So, latency wise, on runs with non-negligible length, optical will lose out to electrical, which is generally quite close to the speed of light. (Except of course after some point the electrical signal is just noise, and if you factor in delay caused by amplifiers/repeaters it becomes much harder of a question.)

There's this kinda-famous story of some HFT company pulling a copper cable across some bay, because they'd gain some nanoseconds compared to the fiber they had.

The transceiver latency for "long-range" links (well, call 100m long range for copper…) is actually worse for the copper links, as the whole DSP getup you need for that takes a few symbol times to process. Optical transceivers are just optodiodes and "simple" amplifiers, the latency is much less than a symbol.

(symbol = unit of transmission, roughly 1 bit on "old" fibre [≤ 25G lane rate], ca. 4 bit for 10Gbase-T, will vary more for faster connections.)


The speed of electrical waves in a chip is ~c/2.

The relative permittivity εr of SiO2 is ~4.

c = c0 / sqrt(εr)

c0 = 1 /sqrt(ε0εr × μ0μr) and in vacuum εr=μr=1.

But the frequency needs to be sufficiently high in order to observe wave propagation, let's say >10GHz.

For low frequencies the electric conductor behaves more like a RC chain.


Considering the PCIe context, I was assuming we were talking about off-chip connections, i.e. diff microstrips/striplines in FR4 and air. εr is 2.6-ish there.

But you're right, I might have accidentally mixed in some radio connection bits, with the HFT company anecdote.


There's single-mode hollow-core fibers - which constrain the light via non-refractive / non-dielectric physics magic, i.e. without slowing down, to the hollow core. Not yet commercially available, I think.


Nice! But even after they're commercially available, putting fibers into places has massive inertia, along the lines of ≥10 years… and on short ranges (inter-chip connections up to building/city networks) you really don't care :)


> I assume there's an element of cost,

This assumption is very correct. Optical interconnects are extraordinarily expensive relative to copper. We have the art of manufacturing copper PCBs and connectors mastered. Putting optical interconnects into a system requires that the signal go through transceivers at either end as well as external optical cables, which are not integrated into the PCB. It’s extra components and complexity everywhere.

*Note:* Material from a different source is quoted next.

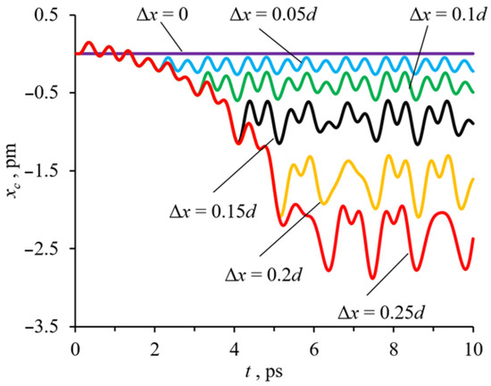 Figure 3 shows the curves corresponding to the displacement of these molecules by a distance Δx in the range from 0 to 0.25d. Changes in other coordinates of the center of mass are not given because in this case, there is a rectilinear motion of the central molecule. As can be seen from Figure 3, the stronger the indentation deformation of the crystalline fragment along the x-axis (x-deformation), the stronger the average deviation of the central molecule from its initial position and the greater the amplitude of oscillations relative to the average position.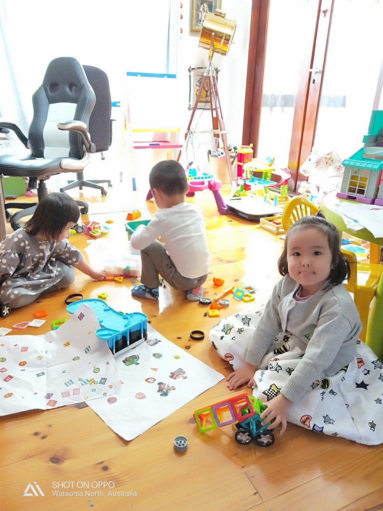 today kids had a lot fun, they played together with such good harmony. usually if it is only loki and char, they argue and fight on toys already, seems its not happening when there are more kids, perhaps it feels like childcare, and they don't fight in childcare...

The reason optical interconnects are being explored here is that next gen PCIe is so extremely fast that the signals cannot travel very far in PCBs without significant losses. PCBs built for these speeds require special, expensive materials on the layers with those signals. They might require retimer chips to amplify the signal past a certain distance. These limitations may not apply to consumer motherboards with a single GPU very near to the CPU, but datacenter motherboards might need to connect many GPUs across a large chassis. The distances involved could require multiple retimer chips along the way and very expensive PCBs. Going to optical interconnects could introduce much more flexibility into where the GPUs or other add in cards are located.


As a side note: while the O in OCuLink does stand for optical that variant is not in use. Every OCuLink connector and cable are just ordinary copper interconnection.

Meanwhile Samtec has PCIe active optical cables, they have had them since 2012, it's a very niche application currently.


Since thunderbolt is related to PCIe, there's this that goes into copper vs optical there: https://en.wikipedia.org/wiki/Thunderbolt_(interface)#Copper...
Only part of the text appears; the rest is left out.